WHAT THE TASK REQUIRES -> Going down the listing below, print exactly each line from the one with "(香港文匯網記者李暢)3月2" up to and including the one with "Spettacolare coppia di", and skip the rest.

### MATERIAL SUPPLIED ###

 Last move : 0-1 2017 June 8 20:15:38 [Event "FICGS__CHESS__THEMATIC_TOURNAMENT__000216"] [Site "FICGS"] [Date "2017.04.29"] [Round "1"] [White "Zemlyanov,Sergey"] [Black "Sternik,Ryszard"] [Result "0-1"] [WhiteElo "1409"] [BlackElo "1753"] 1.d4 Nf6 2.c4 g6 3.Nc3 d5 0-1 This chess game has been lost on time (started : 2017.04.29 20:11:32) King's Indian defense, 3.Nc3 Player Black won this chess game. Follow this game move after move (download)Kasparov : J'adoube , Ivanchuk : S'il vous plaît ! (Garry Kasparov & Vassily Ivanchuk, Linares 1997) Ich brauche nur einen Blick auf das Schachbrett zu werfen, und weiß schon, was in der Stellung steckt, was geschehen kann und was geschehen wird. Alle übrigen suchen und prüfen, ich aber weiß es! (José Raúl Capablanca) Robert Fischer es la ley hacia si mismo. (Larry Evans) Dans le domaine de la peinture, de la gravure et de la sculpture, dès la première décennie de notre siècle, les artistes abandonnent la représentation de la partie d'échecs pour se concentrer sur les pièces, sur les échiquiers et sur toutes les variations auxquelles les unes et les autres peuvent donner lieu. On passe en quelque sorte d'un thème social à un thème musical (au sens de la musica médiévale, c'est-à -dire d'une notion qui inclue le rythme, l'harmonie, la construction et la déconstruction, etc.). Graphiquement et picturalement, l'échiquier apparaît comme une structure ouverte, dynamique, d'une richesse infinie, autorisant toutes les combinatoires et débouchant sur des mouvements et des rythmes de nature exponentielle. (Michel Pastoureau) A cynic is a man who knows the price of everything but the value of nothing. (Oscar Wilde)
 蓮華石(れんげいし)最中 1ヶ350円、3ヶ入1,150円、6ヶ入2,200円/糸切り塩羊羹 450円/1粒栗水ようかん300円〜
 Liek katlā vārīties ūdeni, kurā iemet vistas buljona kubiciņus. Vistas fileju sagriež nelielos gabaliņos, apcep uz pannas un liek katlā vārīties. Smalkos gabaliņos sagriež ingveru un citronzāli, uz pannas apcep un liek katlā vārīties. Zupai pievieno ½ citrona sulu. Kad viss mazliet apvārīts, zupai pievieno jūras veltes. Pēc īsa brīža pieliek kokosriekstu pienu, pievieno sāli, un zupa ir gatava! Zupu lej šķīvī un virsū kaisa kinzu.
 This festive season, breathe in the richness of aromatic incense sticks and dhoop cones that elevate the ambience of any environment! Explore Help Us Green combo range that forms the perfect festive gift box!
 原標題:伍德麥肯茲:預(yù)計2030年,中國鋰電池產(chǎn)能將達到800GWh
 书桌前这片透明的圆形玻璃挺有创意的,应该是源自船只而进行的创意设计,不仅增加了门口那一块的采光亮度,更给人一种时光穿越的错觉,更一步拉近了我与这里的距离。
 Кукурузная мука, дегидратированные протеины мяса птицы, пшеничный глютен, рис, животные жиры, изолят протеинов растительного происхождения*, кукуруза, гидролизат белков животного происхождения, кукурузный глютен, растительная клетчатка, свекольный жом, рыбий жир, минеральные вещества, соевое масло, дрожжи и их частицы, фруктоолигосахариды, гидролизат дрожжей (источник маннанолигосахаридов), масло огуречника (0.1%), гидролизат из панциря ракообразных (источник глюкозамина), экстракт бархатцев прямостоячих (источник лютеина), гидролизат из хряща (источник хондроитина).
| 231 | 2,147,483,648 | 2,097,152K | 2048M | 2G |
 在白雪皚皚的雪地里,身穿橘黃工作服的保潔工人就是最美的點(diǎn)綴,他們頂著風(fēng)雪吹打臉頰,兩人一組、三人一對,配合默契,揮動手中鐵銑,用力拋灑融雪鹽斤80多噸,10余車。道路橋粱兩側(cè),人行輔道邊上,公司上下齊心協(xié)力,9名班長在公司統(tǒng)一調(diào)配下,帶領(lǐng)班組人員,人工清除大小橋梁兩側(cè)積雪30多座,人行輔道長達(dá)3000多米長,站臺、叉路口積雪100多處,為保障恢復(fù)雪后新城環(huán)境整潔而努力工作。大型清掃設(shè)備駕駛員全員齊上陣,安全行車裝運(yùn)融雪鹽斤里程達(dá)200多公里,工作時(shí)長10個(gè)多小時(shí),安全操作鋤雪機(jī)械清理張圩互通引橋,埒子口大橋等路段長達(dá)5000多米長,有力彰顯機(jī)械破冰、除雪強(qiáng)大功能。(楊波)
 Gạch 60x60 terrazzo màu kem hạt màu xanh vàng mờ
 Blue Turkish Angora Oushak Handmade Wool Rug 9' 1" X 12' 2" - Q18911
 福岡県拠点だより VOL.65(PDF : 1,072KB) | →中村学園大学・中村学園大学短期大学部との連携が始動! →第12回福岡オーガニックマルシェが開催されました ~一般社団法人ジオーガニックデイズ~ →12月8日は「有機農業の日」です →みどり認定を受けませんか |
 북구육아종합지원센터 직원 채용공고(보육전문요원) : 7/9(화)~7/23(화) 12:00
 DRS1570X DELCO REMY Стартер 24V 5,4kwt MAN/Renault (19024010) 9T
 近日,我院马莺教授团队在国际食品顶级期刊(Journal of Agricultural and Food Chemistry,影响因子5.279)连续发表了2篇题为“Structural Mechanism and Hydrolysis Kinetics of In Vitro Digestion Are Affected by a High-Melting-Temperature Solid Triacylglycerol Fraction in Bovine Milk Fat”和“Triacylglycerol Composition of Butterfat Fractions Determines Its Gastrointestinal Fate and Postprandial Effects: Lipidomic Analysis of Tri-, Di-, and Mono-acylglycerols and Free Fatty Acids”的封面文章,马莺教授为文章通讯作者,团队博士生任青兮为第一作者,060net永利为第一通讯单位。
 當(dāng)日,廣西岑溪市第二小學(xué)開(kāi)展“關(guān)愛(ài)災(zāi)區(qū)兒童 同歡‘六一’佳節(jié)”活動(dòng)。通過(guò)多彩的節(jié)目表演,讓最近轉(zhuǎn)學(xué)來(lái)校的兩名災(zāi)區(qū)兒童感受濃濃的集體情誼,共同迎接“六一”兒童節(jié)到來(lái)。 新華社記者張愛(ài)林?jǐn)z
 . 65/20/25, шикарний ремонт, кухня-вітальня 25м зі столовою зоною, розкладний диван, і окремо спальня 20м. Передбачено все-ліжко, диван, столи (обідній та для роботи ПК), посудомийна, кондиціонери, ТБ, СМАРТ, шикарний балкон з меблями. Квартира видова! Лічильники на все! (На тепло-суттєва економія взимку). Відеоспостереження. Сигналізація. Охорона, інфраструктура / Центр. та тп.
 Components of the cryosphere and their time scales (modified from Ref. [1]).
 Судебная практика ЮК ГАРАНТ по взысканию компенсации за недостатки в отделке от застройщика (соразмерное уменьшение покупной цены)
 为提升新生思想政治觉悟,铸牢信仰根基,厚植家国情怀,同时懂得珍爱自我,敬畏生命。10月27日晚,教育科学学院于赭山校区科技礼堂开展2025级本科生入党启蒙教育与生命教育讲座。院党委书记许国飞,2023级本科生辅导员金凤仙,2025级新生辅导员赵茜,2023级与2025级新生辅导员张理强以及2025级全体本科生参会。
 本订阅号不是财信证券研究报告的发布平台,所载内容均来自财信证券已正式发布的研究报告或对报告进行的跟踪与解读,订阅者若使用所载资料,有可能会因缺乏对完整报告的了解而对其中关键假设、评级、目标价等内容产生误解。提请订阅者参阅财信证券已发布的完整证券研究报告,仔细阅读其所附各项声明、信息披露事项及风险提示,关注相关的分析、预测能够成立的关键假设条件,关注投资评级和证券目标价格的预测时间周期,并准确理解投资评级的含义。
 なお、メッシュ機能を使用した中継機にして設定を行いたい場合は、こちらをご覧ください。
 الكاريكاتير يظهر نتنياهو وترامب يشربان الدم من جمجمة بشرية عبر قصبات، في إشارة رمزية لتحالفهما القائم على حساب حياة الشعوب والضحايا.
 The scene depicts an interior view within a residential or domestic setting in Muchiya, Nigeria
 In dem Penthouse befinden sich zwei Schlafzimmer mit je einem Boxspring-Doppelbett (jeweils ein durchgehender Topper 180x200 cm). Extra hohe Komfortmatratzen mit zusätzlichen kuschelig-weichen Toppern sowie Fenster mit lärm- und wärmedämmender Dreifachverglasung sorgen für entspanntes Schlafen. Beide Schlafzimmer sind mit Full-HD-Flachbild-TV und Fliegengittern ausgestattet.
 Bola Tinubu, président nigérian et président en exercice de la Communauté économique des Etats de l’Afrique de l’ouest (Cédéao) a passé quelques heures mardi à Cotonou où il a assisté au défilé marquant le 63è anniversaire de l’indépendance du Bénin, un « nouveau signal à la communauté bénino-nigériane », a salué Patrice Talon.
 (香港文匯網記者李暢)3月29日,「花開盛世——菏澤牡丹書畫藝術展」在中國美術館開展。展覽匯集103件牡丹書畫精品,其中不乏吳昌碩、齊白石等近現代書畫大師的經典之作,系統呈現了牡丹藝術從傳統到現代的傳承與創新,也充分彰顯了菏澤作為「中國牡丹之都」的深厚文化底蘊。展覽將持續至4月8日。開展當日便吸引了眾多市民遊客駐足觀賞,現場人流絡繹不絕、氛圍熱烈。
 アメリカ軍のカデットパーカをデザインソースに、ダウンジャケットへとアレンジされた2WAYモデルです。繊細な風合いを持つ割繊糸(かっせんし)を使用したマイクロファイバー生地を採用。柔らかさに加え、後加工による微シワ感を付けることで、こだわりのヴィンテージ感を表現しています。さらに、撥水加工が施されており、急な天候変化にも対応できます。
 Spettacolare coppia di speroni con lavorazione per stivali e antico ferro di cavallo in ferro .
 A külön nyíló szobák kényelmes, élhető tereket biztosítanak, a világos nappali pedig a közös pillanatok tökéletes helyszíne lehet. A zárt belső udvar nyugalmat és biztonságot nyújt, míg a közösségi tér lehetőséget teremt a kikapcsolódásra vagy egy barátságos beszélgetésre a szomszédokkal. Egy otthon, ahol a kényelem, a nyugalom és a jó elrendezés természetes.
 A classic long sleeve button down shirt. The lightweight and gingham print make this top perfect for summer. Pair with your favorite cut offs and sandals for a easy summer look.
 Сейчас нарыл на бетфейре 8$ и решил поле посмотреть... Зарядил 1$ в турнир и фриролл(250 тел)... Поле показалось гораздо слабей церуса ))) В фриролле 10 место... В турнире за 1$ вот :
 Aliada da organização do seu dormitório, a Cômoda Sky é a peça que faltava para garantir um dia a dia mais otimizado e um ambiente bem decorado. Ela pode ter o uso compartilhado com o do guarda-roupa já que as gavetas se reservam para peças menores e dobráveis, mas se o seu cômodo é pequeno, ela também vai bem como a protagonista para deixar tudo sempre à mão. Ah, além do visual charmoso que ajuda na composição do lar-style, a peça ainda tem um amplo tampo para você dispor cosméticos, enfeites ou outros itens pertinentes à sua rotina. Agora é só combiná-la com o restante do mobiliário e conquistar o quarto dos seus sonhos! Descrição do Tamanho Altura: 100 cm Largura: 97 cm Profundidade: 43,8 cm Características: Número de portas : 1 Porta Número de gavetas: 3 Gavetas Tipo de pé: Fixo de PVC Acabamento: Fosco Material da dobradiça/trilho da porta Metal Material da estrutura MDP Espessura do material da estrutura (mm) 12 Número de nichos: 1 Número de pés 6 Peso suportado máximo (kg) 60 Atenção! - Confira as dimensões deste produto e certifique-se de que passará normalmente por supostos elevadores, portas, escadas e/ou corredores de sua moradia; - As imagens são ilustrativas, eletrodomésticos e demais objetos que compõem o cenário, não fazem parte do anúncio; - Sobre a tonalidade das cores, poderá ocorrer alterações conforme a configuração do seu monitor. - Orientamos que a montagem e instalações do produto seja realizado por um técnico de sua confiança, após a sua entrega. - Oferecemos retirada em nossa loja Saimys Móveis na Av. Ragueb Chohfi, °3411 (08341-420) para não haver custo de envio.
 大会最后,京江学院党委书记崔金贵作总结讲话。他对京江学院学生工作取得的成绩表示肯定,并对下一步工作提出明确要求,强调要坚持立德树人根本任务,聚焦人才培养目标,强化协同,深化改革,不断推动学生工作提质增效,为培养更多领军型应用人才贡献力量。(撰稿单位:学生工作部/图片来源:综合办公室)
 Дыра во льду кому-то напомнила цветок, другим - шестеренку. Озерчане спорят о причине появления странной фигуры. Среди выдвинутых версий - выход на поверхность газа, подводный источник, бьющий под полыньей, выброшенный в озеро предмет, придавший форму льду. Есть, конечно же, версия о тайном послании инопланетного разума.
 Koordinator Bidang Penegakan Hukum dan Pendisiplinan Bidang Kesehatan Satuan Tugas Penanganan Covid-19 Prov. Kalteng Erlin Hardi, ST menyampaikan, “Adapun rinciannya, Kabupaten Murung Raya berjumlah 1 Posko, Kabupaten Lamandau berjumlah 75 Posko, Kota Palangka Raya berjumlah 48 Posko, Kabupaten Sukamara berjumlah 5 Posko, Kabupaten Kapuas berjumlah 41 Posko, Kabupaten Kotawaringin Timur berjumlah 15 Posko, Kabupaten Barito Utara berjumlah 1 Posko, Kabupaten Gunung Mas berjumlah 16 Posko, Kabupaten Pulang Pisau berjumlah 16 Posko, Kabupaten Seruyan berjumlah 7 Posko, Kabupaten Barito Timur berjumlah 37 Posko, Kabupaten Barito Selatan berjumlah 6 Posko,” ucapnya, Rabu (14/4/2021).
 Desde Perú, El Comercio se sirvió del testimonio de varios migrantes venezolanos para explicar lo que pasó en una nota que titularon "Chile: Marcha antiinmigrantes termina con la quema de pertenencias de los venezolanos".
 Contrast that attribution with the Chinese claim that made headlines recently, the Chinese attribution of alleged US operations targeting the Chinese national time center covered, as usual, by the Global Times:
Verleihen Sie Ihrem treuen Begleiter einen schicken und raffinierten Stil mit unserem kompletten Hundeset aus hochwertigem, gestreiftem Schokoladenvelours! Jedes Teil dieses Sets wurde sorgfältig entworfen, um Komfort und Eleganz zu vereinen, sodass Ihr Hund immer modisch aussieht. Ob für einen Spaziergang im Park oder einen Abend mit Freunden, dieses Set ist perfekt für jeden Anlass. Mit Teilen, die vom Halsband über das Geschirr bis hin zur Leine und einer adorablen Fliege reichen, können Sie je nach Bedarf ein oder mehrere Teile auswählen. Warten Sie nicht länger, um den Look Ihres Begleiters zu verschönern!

###

EXPECTED OUTPUT ->
 (香港文匯網記者李暢)3月29日,「花開盛世——菏澤牡丹書畫藝術展」在中國美術館開展。展覽匯集103件牡丹書畫精品,其中不乏吳昌碩、齊白石等近現代書畫大師的經典之作,系統呈現了牡丹藝術從傳統到現代的傳承與創新,也充分彰顯了菏澤作為「中國牡丹之都」的深厚文化底蘊。展覽將持續至4月8日。開展當日便吸引了眾多市民遊客駐足觀賞,現場人流絡繹不絕、氛圍熱烈。
 アメリカ軍のカデットパーカをデザインソースに、ダウンジャケットへとアレンジされた2WAYモデルです。繊細な風合いを持つ割繊糸(かっせんし)を使用したマイクロファイバー生地を採用。柔らかさに加え、後加工による微シワ感を付けることで、こだわりのヴィンテージ感を表現しています。さらに、撥水加工が施されており、急な天候変化にも対応できます。
 Spettacolare coppia di speroni con lavorazione per stivali e antico ferro di cavallo in ferro .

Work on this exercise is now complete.